Last summer a friend visited our northwest
home with her three young boys. We live in a unique geologic area called the Driftless area, so named because it was not blanketed by ice during the last episode of continental glaciation. It is devoid of glacial “drift” -- material left behind by a past glacial event; hence, we call this the “Driftless area.” Illinois
I’ve referred to our neighborhood as “bird heaven.” My young visitors were curious about a songbird insistently repeating the same four phrases on a single dead branch above our garage. The male indigo bunting was one of “my birds,” I told the boys. In a real sense, I may claim all the joy-giving birds in my neighborhood as my own. Each species has its own set of behavioral characteristics as well as its own unique physical appearance, setting itself apart from all other avian species. Information from bird manuals and web search engines plentifully supplement our own personal observations.
“My” indigo bunting was not present and singing when my young friends visited again early this spring. But lo, after a few weeks, there he was again, perched on the identical bare hickory branch as last summer. I cannot be positive this summer’s bird was the same as last summer’s resident. But if it wasn’t, it is certain that particular hickory branch has a special appeal for male indigo buntings. Their vivid, iridescent blue is visible only in sunlight. Its apparent color results from light diffraction through their feathers, not from blue pigment. Males leave nest-building and raising of the nearly helpless babies to the females while they patrol the neighborhood defending their territory, using their relentlessly repeated vocalizations.
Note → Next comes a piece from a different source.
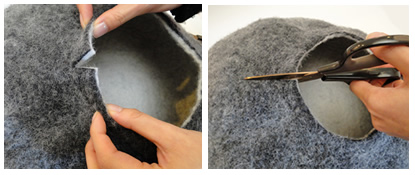 * 猫ちゃんの体の大きさに比べ、キャットベッドの入り口が小さい場合は入り口をカットしていただくことが可能でございます。キャットベッド本体は丈夫なウール素材でございますので、布のようにほつれる心配はございません。切りたての断面は軽く揉むと馴染みます。裁断の際は、裁断用の裁ち切りばさみをご利用下さい。(切り込みを入れる、もしくは丸くカットするのがおすすめです)

This species does not spend the winter in the Driftless area. These migrants take off in September or October for parts known: the
Caribbean or Central America. The birds use stars to migrate by night. Come spring, they know what to do. They return to their nesting grounds. I have identified many dozens of other bird species in our neighborhood. One neighbor claims to have identified 153 different. Our local conservation foundation bird watchers have exceeded that number substantially.
My personal worship experiences triggered by my neighborhood Driftless area birds are not exercises in nature worship. Intuitively, I see these experiences as occasions to worship God--the Creator and Designer. He authored the variety and beauty of our physical surroundings, both living and non-living. Skeptics pronounce this type of intuition flawed, irrational, and unpersuasive. Even the brilliant case made by Stephen C. Meyer in his 2009 volume Signature in the Cell, which carefully establishes the intelligent origin of information in the DNA of every living thing, including my own neighborhood birds, does not generate credence in those who deliberately choose to doubt. Acceptance or rejection of design theory is more a matter of personal choice than of the quality of evidence. Meyer states, “None of the alleged logical errors involved in inferring intelligent design from DNA would prevent any reasonable person from inferring or detecting the activity of intelligent agents in any other realm of experience.”
No life scientist would disagree that the structure of DNA in an indigo bunting, or any living creature is related to its remarkably unique appearance and behavior. Scientists who reject creation and design often express wonder and enjoyment, even if they reject belief in design theory and the Designer. But if their wonder and enjoyment helped them appreciate the action of the Designer instead of a naturalistic process, their experience would be enriched. Instead of worship of nature, they could worship nature’s Designer.